In the newly generated project folder you have to place the three following files:
"Introduction to R markdown and first steps in epidemiological data reporting.Rmd"
"Knit-Button.png"
"Navigation.PNG"
Here we now you can run this rmd file in R Studio.
Hit the Knit and R Studio runs the code and then produces the report by rendering the script into the wanted format (here we use .html files)
It is very easy to choose a report output format. You only need to define the format at the start of the .rmd document. At the start of the document you find a section marked with three dashes at the start and at the end:
>title: "Introduction to R markdown and first steps in epidemiological data reporting"
author: "Oliver Otti"
date: "r format(Sys.time(), '%d %B, %Y')
"
output: html_document
The following output options are available:
- html – html_document
- pdf uses Tex – pdf_document
- Microsoft Word (.docx) – word_document
- Rich Text Format – rtf_document
- PDF presentation uses Tex – beamer_presentation
- Powerpoint presentation – powerpoint_presentation
In the header you can also find a string that uses the actual date of knitting and puts in the document:
>date: "r format(Sys.time(), '%d %B, %Y')
"
This can also be adjusted to any date you wish and the date will be mentioned below the author names in the knitted output file. Here I have chosen the HTML as an output file, because this file can be viewed on any system and I do not need to care about the page format or length. If I work with colleagues I would use WORD as an output file. Normally, people are used to comment in word files, so this seems a good option when one is at the manusript writing stage. To prepare a manuscript for publication I would use PDF as an output format.
Short intro to the text formatting options in R markdown
I recommend using the R markdown cheatsheet R markdown cheatsheet and the following website for an instruction.
Here you can find more cheatsheets.
Header font size can be defined with hashtags:
One #: In R markdown the header font size depends on the number of hashtags
Two ##: Introduction
Three ###: Sub section headers require an additional hashtag
To begin a new paragraph you need to write two spaces after the last sentence of the previous paragraph. Otherwise even a sentence distributed over several lines will become flow text on the same line.
In this part text can be formated as italic, bold or italic and bold by using different numbers of "*" at the start and the end of the word/s you want to format.
With these brackets [] you can link different sections of your text. If the [] brackets are followed by the link in these bracket () you can add links to the text.

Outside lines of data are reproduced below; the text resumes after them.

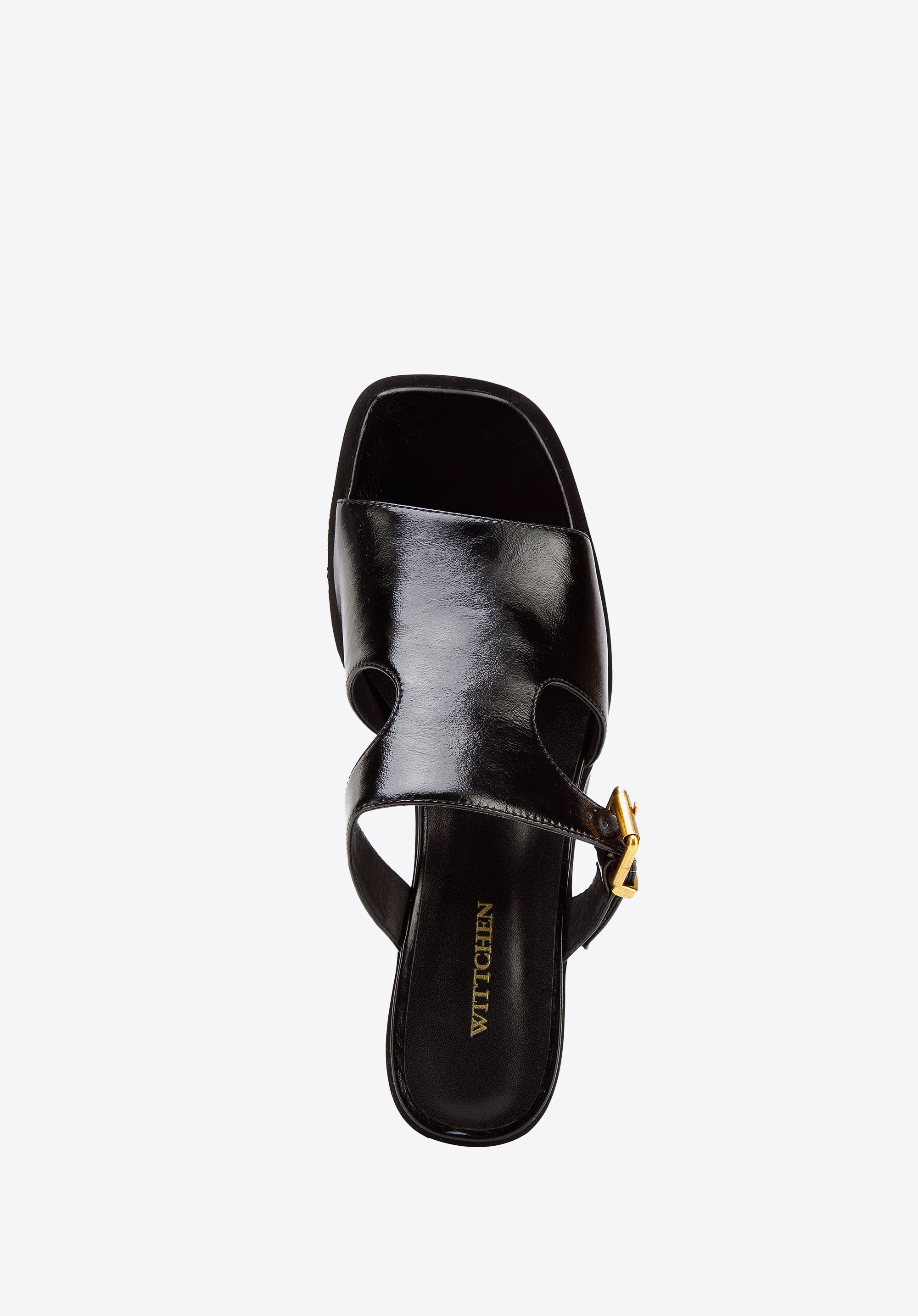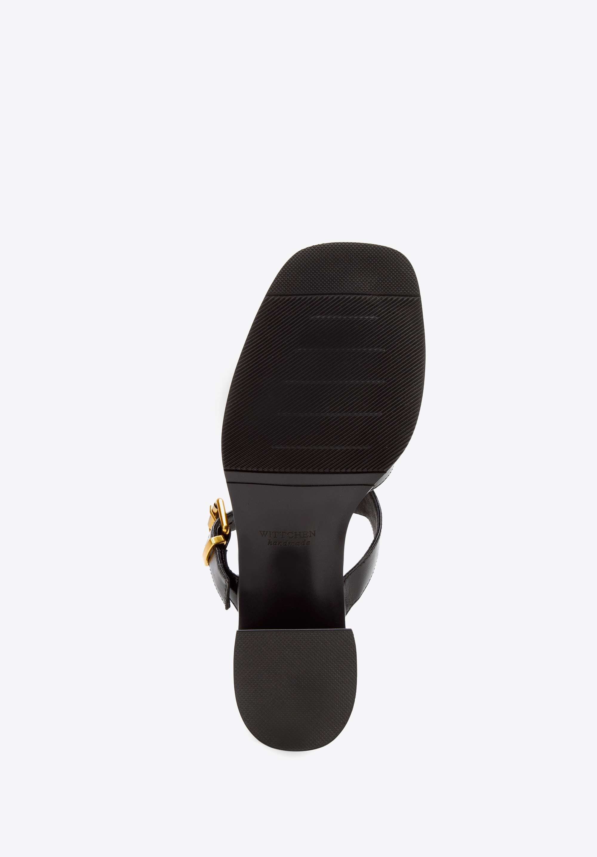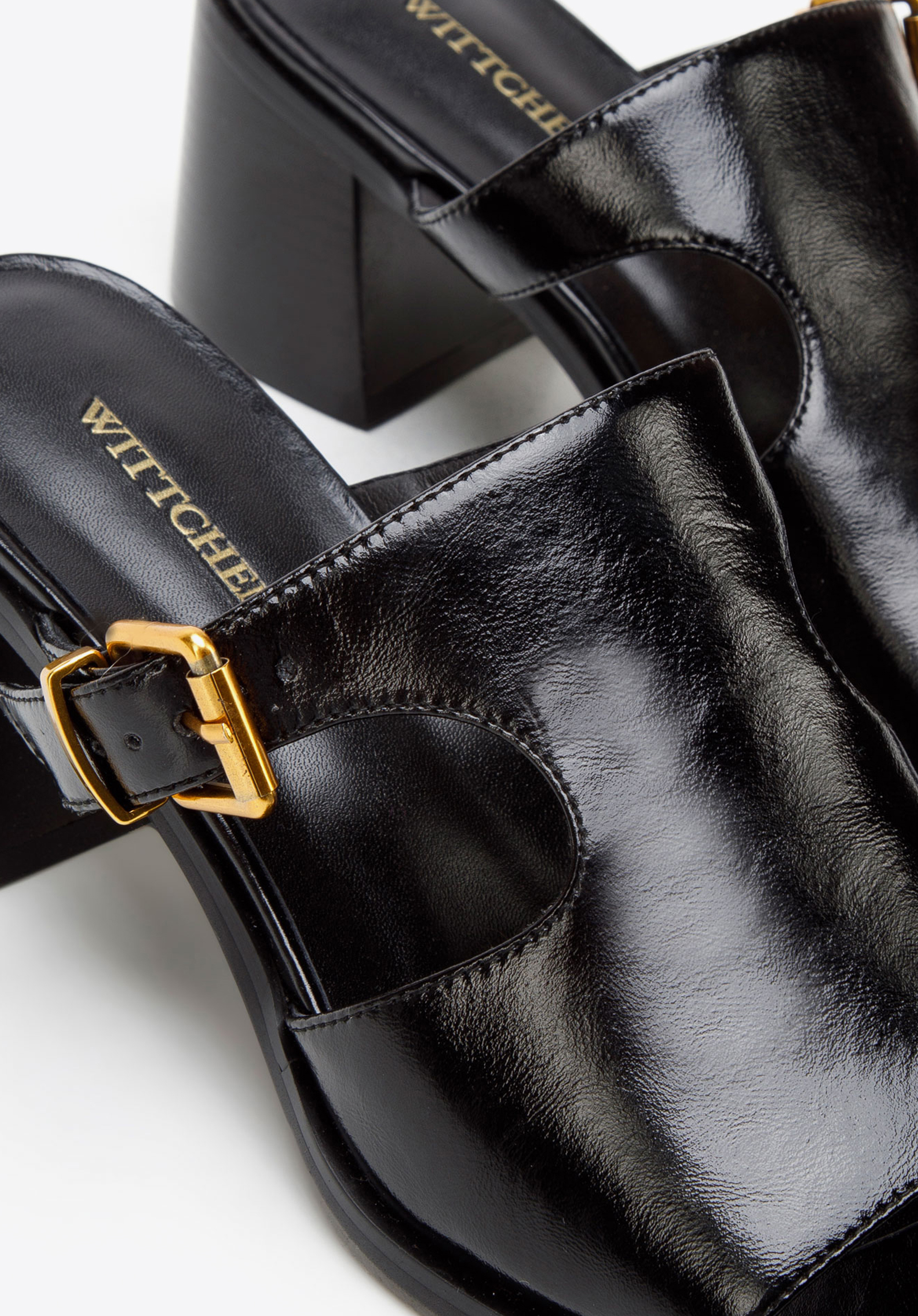 Obcas średniej wysokości jest szeroki i modnie ścięty. Klapki skórzane na słupku ze sprzączką to uniwersalny letni dodatek, który warto mieć w swojej szafie.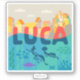 Sea monster Alberto points to the town above the sea with Luca, as the name "Luca" exists in both places with a different appearance.
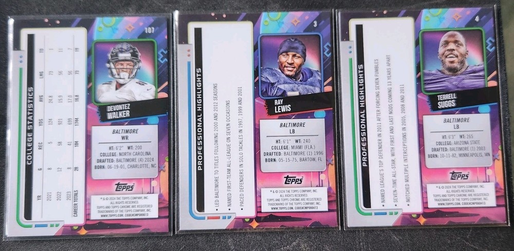 Manufacturer:ToppsPlayer/Athlete:DEVONTEZ WALKER, Ray Lewis, Terrell SuggsVintage:NoSet:2024 Topps Cosmic ChromeLeague:National Football League (NFL)Team:Baltimore RavensAutographed:NoType:Sports Trading CardYear Manufactured:2024Sport:FootballFeatures:Base Set, RookieNumber of Cards:3

For example to refer to the [Introduction] or an online article
Using R code in R markdown
Now let us use R code. R markdown uses so called ‘code chunks’ to use the R interface. The chunks behave exactly in the same way as normal R scripts that some of you might already have used. In a .rmd file a code chunk starts with the following line
>“`{r get covid-19 data}…
and ends with
>“`
To be honest I had to get used to these code chunks because they are different from the usual R script editor. You cannot see your graphs in the plot window on the lower right side in R studio or the output in the console down below. However, graphs and outputs are popping up directly below the code chunks. But after getting used to this and realising that the navigation through sections and from one code chunk is actually pretty easy with the button at the bottom left below the R markdown file.
I am now using R markdown for all my new projects and analyses.